You’re not wrong. You can achieve the same results using modules well. It’s comm...

xyzzy123 · on Aug 4, 2023

Agree, it's a complicated conversation because the tools support many different ways of working - and most of them can be made to work with different tradeoffs.

A team that e.g owns its own microservice IaC can absolutely maintain a setup long term with app & db in the same state, it just requires care and love (it's easier in some ways, it just doesn't scale along certain dimensions).

Maybe you have other controls / factors that can make it work for you.

But my experience is that as you split things across more teams or have more complicated IaC "supply chains" (eg teams supplying modules to each other or have lots of ppl working on different bits of the same thing) you need to look at ways to make things more foolproof, easier to support and give yourself as much "wiggle room" as possible for upgrades.
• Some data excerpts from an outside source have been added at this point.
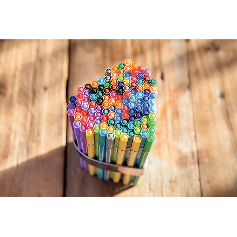 Fabriqué par STABILO en Europe et issu du savoir-faire Beaux-Arts de la marque, le feutre de dessin STABILO Pen 68 est une référence du coloriage depuis 1966. Il est doté d'une pointe ogive moyenne d'1 mm et son encre inodore à base d'eau se décline en 65 couleurs lumineuses et intenses. Polyvalent, le feutre STABILO Pen 68 est parfait pour dessiner, colorier, remplir de grands aplats de couleurs, créer des effets d'aquarelle ou réaliser des mandalas. Il sera l'allié de toutes vos créations, à l'école ou à la maison, pour un usage amateur ou professionnel. Grâce à un procédé anti-dessèchement, STABILO Pen 68 peut rester ouvert jusqu'à 24 heures sans sécher sans avoir à remettre le capuchon : parfait pour créer sans aucune limite !
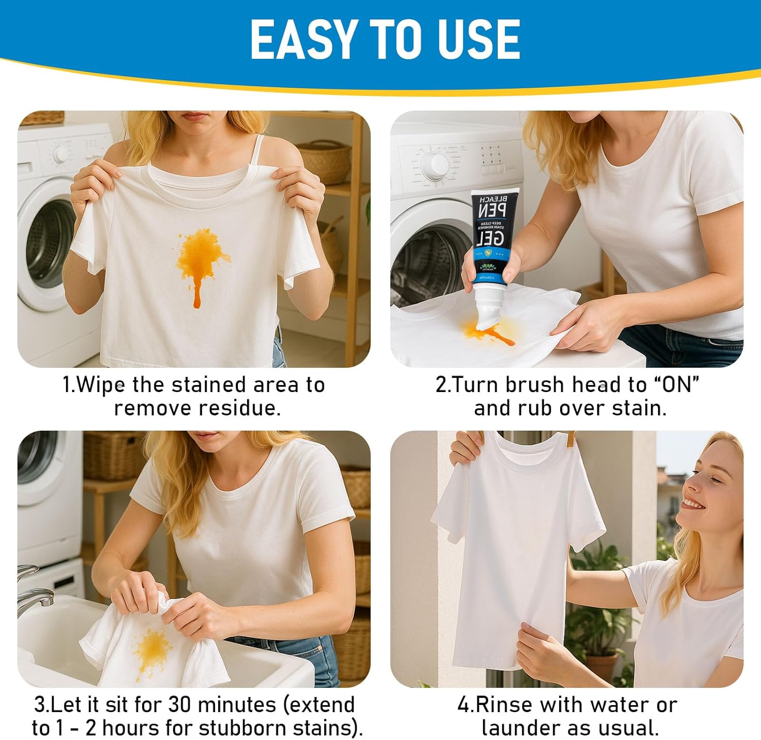 • Easy to Use – Simply wipe residue, twist brush head to ON, apply gel to the stain, let sit for 30–60 mins (up to 2 hrs for tough spots), then rinse or wash as usual.
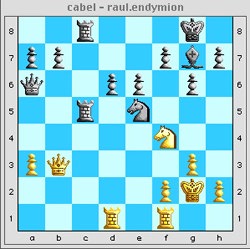 27. Qe3 (?? il fallait peut-être sacrifier en e6 Nxe6 et fxe6 puis Qxe6 echecs et Rxd6, mais avec toujours du materiel en moins) d5 28. h4 Rc3 29. Qd4 Ng4 30. Qb4 Rc2 31. Nh3 Ne3+ (le clouage continue, mat dans pas longtemps) 32. Kg1 Nxf1 33. Qe1 Nxg3 34. Kh2 Ne4 35. Nf4 Rxf2+ 36. Kg1 Rcc2 (temps fini 0-1) 37. 0-1
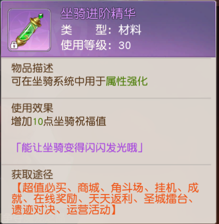 这是提升坐骑成长速度的基础材料,建议多多积累。
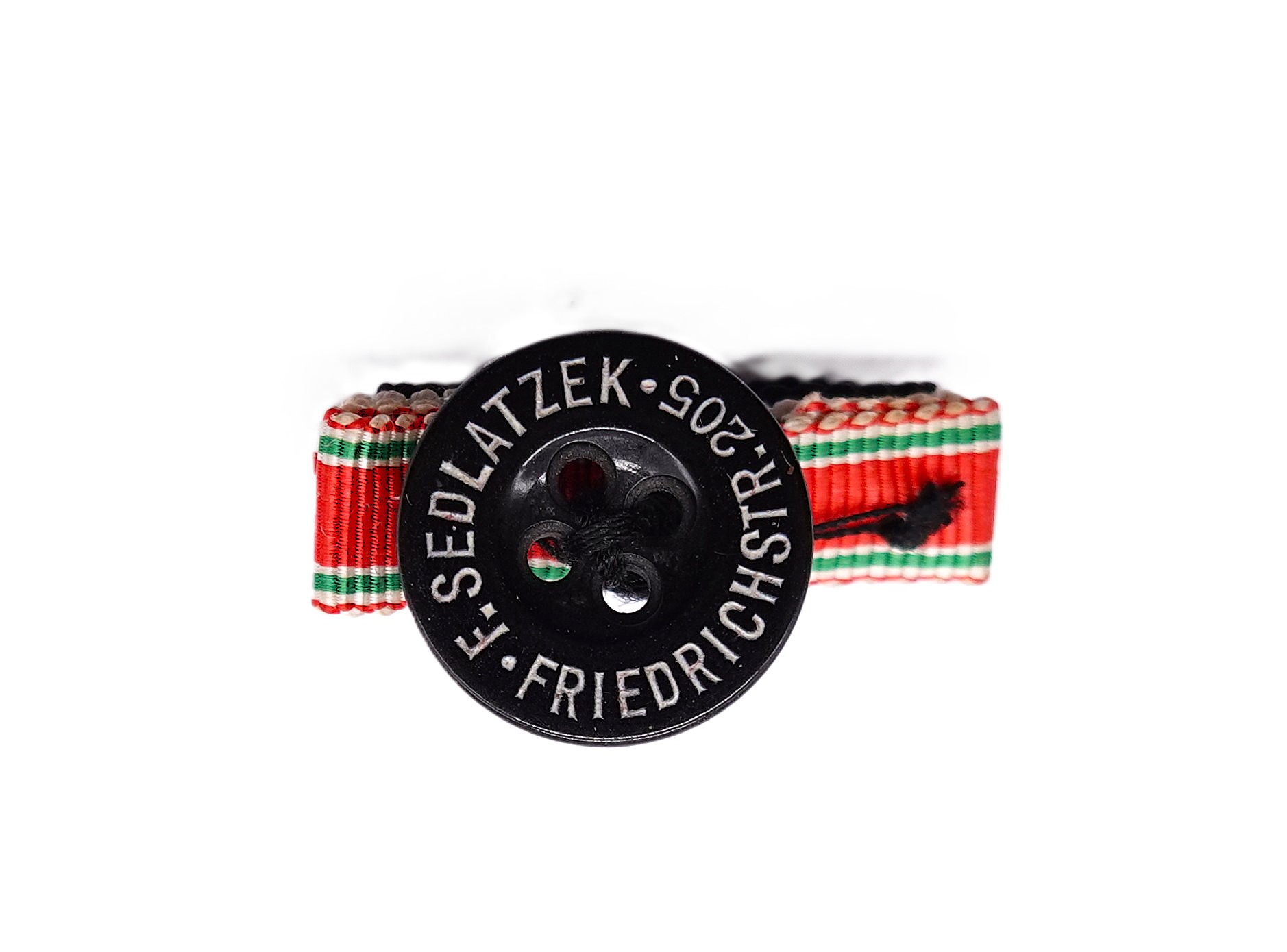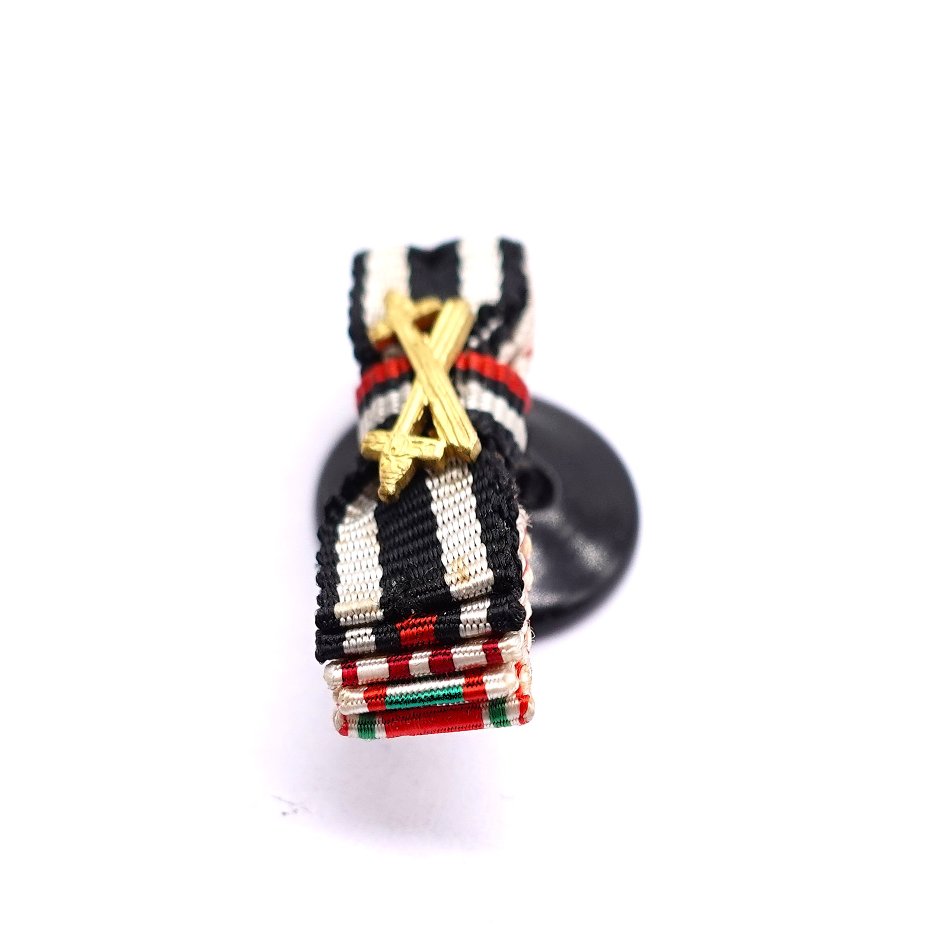 Knopflochschleife mit 5 Bändern. Rückseitig eingeprägt der Ordenhändler F. Sedlatzek, Friedrichstrasse 205, Berlin. Mit Schwerter Auflage. Getragener Zustand.

At this point having state split out is very helpful (almost essential).

Because the terminology seems to be tripping up the conversation I'd be inclined to phrase it like this: a single "terraform apply" should be touching a precious, stateful stack or a disposable stateless stack and these should be clearly delineated. Ideally the stateful stacks should be as small as possible, as much stuff as possible should be in the stateless stacks.

linuxdude314 · on Aug 5, 2023

The way I see it is we only want to use TF for setting up "base infrastructure". This is things like our VPC networks, cloud routers, firewall rules, and finally our Kubernetes clusters.

We still allow devs to use TF, but it's only for using cloud services they depend on, like say a SQL DB or something.

I think you and I are 100% on the same page, but I think the word state (in the way you are using it) is causing a bit of confusion at least for me. A terraform stack will always have state, that's the point. In addition to the current "tfstate" there is a set of parameters that must be used with w/e modules in order to arrive at the tfstate. That's the state that causes problems, not the tfstate so much at least in my experience, as these often are _not_ version controlled.

This is why it's critical to only allow terraform to be applied using automation. I mean don't make it a company policy, make it IAM policy so it's literally not possible.